Separate client caching from server-side caching

Split cache filter in two filters (cachable resources are the resources not bypassed):

  • Headers filter, with a manager (the simple implementation is an in-memory (concurrenthashmap) table) to
    • store response headers
    • apply max-age and Expires (or no-cache), or whatever else (for example ETags)
    • check request headers in order to send back to client SC_NOT_MODIFIED
  • Content filter, with a manager (the simple implementation is a filesystem based manager) to
    • cache resources by streaming response (multiplex streams) to an outputstream taken from cache element
    • check for SC_NOT_MODIFIED using cache element creation date
    • stream from cache using an inputstream

Memory consumption optimization

Optimize memory usage by removing the use of byte arrays both in writing to cache and reading from cache

Cache locking

Use the java.util.concurrent.locks.ReentrantReadWriteLock ReadLock and WriteLock to do per-element resource locking

Remove boilerplate and hide locking concerns

We could think of adding a "getOrCache" (unconvincing name to be debated) method on the Cache interface whose implementation could look something like the following (not taking any locking/synchronizing issue in account, so this code might not be accurate)

Object getOrCache(Object key, Callback c) {
  Object cached = get(key);
  if (cached == null) {
    Object value = generateCacheValue();
    put(key, value);
    return value;
  } else {
    return cached;
  }
}

interface Callback {
  Object generateCacheValue();
}

... where the Callback interface would thus be responsible for "generating" the cache value; this new method could thus be called as such:

cache.getOrCache(key, new Callback() {
  public Object generateCacheValue() {
    return retrieveValueFromSomeRemoteService();
  }
});

See this diff (this class) for an example of an implementation.

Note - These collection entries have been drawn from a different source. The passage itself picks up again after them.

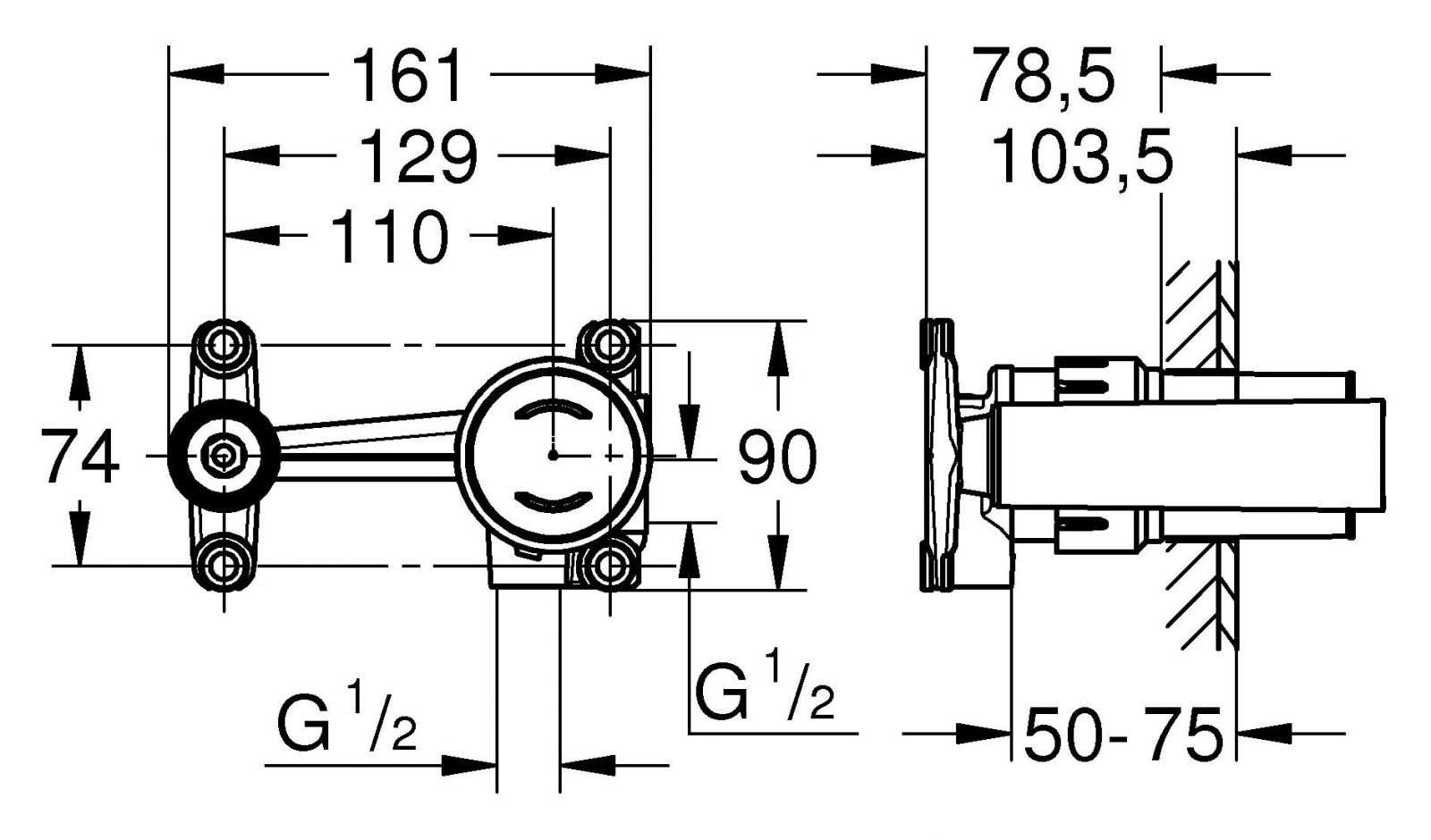 Для смесителя на 2 отверстия, с картриджем Joystick для скрытого монтажа, без комплекта верхней монтажной части, GROHE SilkMove® Joystick cartridge шаблон для монтажа, минимальное давление 1,0 бар.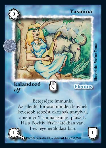 Szöveg: Betegségre immúnis. Az ellenfél minden varázslata vagy hatása, amely egy vagy több lényt megsebez, eggyel kevesebb sebzést okoz minden lénynek, plusz annyival, ahányadik szintű Yasmina (ez a képesség passzívan is működik. ) Ha a Pozitív Létsík játékban van, 1-es regenerálódást kap.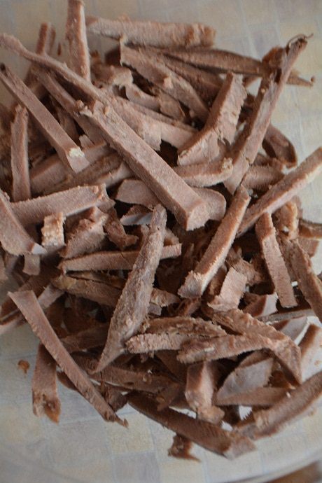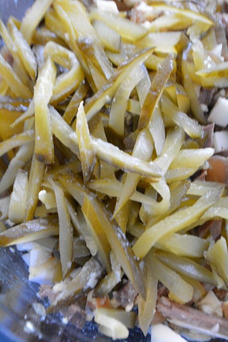 Заранее отварить язык (2-3 часа), залить холодной водой и очистить. Нарезать соломкой.

TBH, I wouldn't be surprised if more recent versions of EhCache and other cache libraries had such a construct natively. Seems clean and elegant enough to be used in many cases. Not sure it would work for our page caching, but most likely for many other situations where we want to cache "stuff" (I'm using this in the external-indexing module, for example)

edit: looking at the EhCache 2.5 API, it could perhaps indeed be implemented with Cache.putIfAbsent, by passing a subclass of Element whose getValue (or getObjectValue, not sure which) would be lazy. It also has a SelfPopulatingCache class, which might be interesting looking into.

Additionally, if feasible, in some cases, using generics for key and values in the cache would avoid casting.
(there's possibly going to be an unchecked cast at some point when retrieving the cache instance, but eh)

Caching other objects

See Concept - Cache arbitrary objects.

Global cache voter

MGNLCACHE-37 - Getting issue details... STATUS

I.e.

public class AllInOneCacheVoter extends AbstractBoolVoter
{

    private String allowedExtensions;

    private String deniedExtensions;

    private String allowedRequestContentTypes;

    private String deniedRequestContentTypes;

    private String allowedResponseContentTypes;

    private String deniedResponseContentTypes;

    private boolean allowRequestWithParameters = false;

    private boolean allowAdmin = false;

    private boolean allowAuthenticated = false;

    private boolean allowDocroot = true;

    private boolean allowDotResources = true;

    private boolean allowDotMagnolia = false;

    private VoterSet voters = new VoterSet();

    // called by Content2Bean
    public void init()
    {
       if (StringUtils.isNotBlank(allowedExtensions) || StringUtils.isNotBlank(deniedExtensions))
        {
            ExtensionVoter voter = new ExtensionVoter();
            voter.setAllow(allowedExtensions);
            voter.setDeny(deniedExtensions);
            voter.setNot(true);
            voters.addVoter(voter);
        }
       ... create voters and add them to voters
    }

    /**
     * {@inheritDoc}
     */
    @Override
    protected boolean boolVote(Object value)
    {
        return voters.vote(value) == 0;
    }

    ... getters and setters ...
}

6 Comments

  1. Some thoughts about caching:

    • i think that google gears resource caching is intended to be used for offline applications. For caching adminCentral resources i think that the best approach is to correctly set response headers for client-side caching and maybe add current magnolia version in resources (i.e. /auth/.resources/4.3-m1/admin-css/admin-all.css, /.magnolia/4.3-m1/pages/javascript.js, ...) and a virtual uri mapping to forward requests
    • decoupling server-side caching and client-side caching: the idea is to keep the current cache filter as a starting point for server-side caching (storing and serving resources), and to create a new filter with all the logic and configuration to work with request / response headers for client-side caching
    • simplified cache configuration: i think that a first step is to change some voters into flat properties of a new global voter with a simple structure. I.e.:
      • simpleCacheConfigurationVoter
        • class = info.magnolia.voting.voters.SimpleCacheConfigurationVoter
        • allowedExtensions = html,js,css,xml
        • cacheRequestWithParameters = false
        • cacheOnAdmin = false
        • cacheAuthenticated = false
        • urls (contentnode with sub-voters)
          • ...
    • streaming from cache: what about restoring the old simple cache mechanism, and
      • adding some more synchronization stuff
      • adding a first level in memory (hashtable) cache
      • adding a simple hit counter to keep in memory most accessed resources
      • decoupling having two filters seams to be all right, but maybe the cache filter could cache the headers (attention this must be dynamic) as they might be set based on the served content. I am dreaming here about caching related data in the page properties.
      • simplified cache configuration don't forget the enabled flag (wink)
  2. about simplified cache configuration i just have seen MAGNOLIA-2557 (linked on top of the page... ops...) in which Philipp made the same proposal

  3. Feel free to edit the page directly.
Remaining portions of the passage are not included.